The railroad’s financing team is looking at the funding side of the project and on the operating side the railroad is looking at transportation options, including bringing coal to the Port of Anchorage for shipment by barge and the possibility of a new 42-mile line from the neighborhood of Willow to Port MacKenzie.

At the Port of Anchorage, Gamble said, it’s a matter of designing the needed off-loading capability for the coal into a growing port. That proposal is being considered with the Port of Anchorage, he said.

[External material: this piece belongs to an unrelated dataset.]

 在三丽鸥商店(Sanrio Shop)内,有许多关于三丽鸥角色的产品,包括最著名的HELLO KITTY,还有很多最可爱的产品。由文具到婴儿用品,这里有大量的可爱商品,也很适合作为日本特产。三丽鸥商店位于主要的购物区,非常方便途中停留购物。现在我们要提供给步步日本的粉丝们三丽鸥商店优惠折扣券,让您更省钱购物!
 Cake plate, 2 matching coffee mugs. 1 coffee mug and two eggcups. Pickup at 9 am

Building a spur to Port MacKenzie would be “a significant investment,” he said. Port MacKenzie “is a pricey project” but if that line were down there would be “a real opportunity to move goods to tidewater that would be hard to move all the way around to the Port of Anchorage,” including products from the Interior “that would probably do well to go direct to an industrial Port Mackenzie whereas the container business and some of the … containers on flatcar or just the straight container business would grow and continue to come into the Port of Anchorage,” Gamble said.

Tax-exempt bonding

Alaska Railroad Chief Financial Officer Bill O’Leary reviewed the railroad’s tax-exempt bonding authority, which is based on provisions in the federal act that transferred the railroad from the federal government to the state. He said the railroad hasn’t tested the language in the act and its power to issue tax-exempt bonds, but believes tax-exempt bonding would be positive for the project.

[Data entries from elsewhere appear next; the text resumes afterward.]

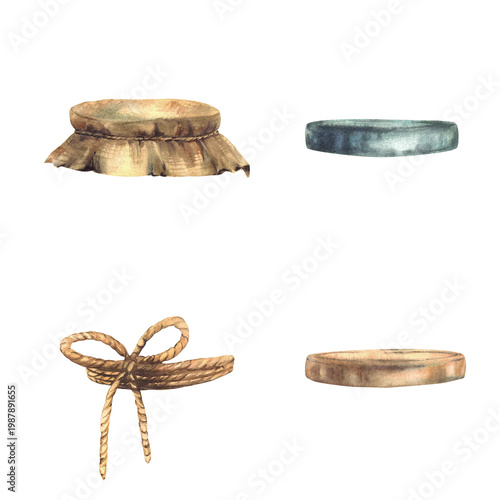 Set of jar lids, Gold, silver and Canvas burlap fabric lid tied with rope around. Watercolor vintage lid mix for glass preserving jars. Hand drawn illustration isolated from background for food design
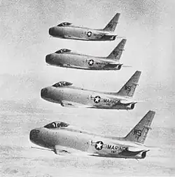 F4U Corsair (1943-53) F9F Panther (1953-54) F9F Cougar (1954-56) FJ-4 Fury (1956-59) F-8 Crusader (1959-64) F-4 Phantom II (1964-82) F/A-18 Hornet (1982- | |
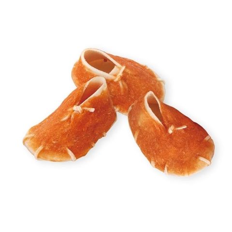 鶏ササミを天然牛皮に塗り付け、丁寧にくつの形に編んでいるので、最後まで飽きずに食べられます。
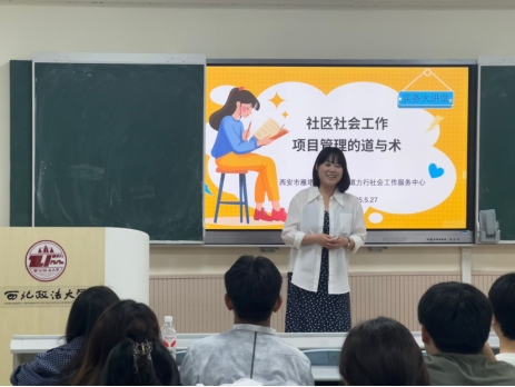 ,为同学们带来了一场主题为“社区社会工作项目管理的道与术”的实务讲座。
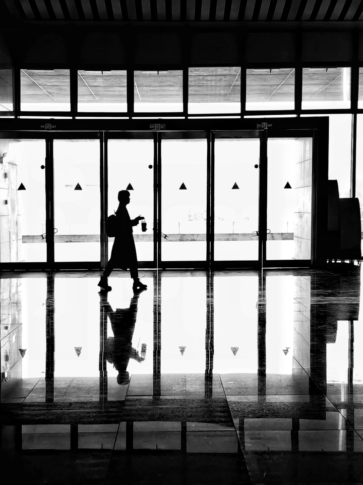 这张黑白照片利用了强烈的明暗对比,营造了一种戏剧性的氛围。色彩方面,黑白的选择简化了视觉元素,突出了光影和形态。光影处理是亮点,强烈的光线对比增强了画面的冲击力,但暗部细节有所损失,可以考虑在后期稍微提亮暗部。构图上,人物放置在画面中央,较为传统,可以尝试更具创意的构图方式,例如利用三分法或黄金分割,将人物放置在更吸引眼球的位置。 后期处理整体效果不错,但需注意避免过度锐化,保持画面自然。主题原创性方面,剪影的表现形式较为常见,但人物的姿态和背景环境的结合,赋予了照片一定的故事性。情感共鸣方面,照片通过人物的剪影和环境的对比,传达了一种孤独或思考的情绪,能够引起观者的共鸣。思想深度上,照片可以引发人们对现代社会人际关系的思考,但深度还可以进一步挖掘。总的来说,这是一张不错的黑白摄影作品,但在构图和暗部细节上还有提升空间。加油,摄影师!
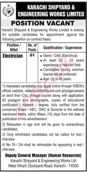 Karachi Shipyard and Engineering Works Limited announced new jobs for the position of Electrician. These jobs are related to Engineering category and Government jobs. The minimum qualification required for this job is Matric, DAE.
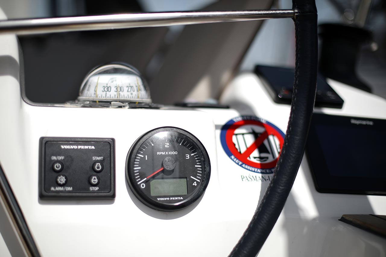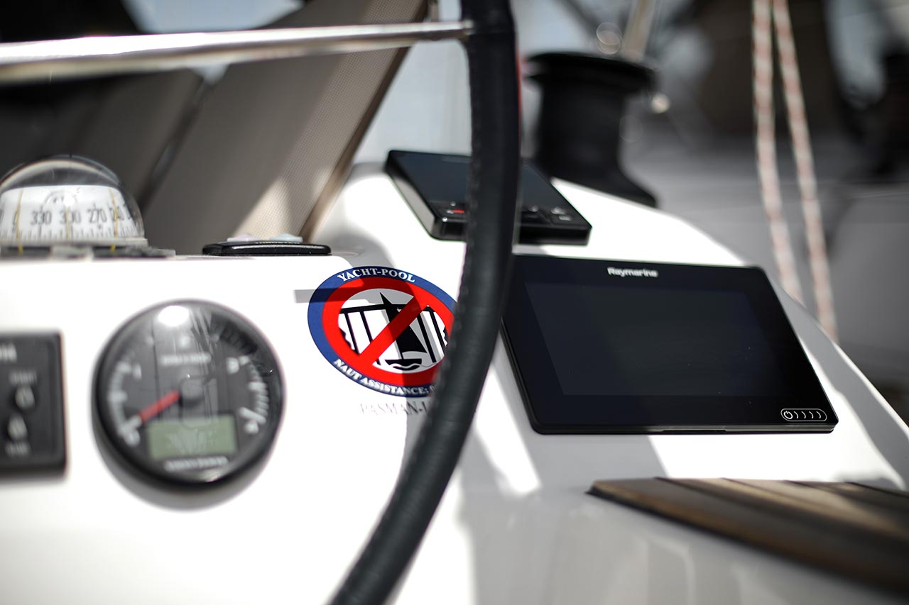 | Navigation | Barometer, Fernglas mit Peilkompass, GPS mit Kartenplotter im Cockpit, Hafenhandbücher, Navigationsbesteck, Seekarten, Tridata (Log, Echolot, Windm.) |

Bonding is possible for two components of the project — partnering with Agrium on the larger project is one; the second is the rail link to Port MacKenzie.

O’Leary said the total could be in the $2.5 billion to $2.6 billion range, legislative authorization required for the railroad to issue bonds. The bonds would be non-recourse to the Alaska Railroad or the State of Alaska; they would be backed by the project, he said.

The Internal Revenue Service would be asked for a private letter ruling on whether the bonds would be tax exempt, O’Leary said, a process which takes six months from when IRS deems the application complete. Part of the importance of legislative approval, he said, is that it makes the project very real which is important in an application for an IRS private letter ruling.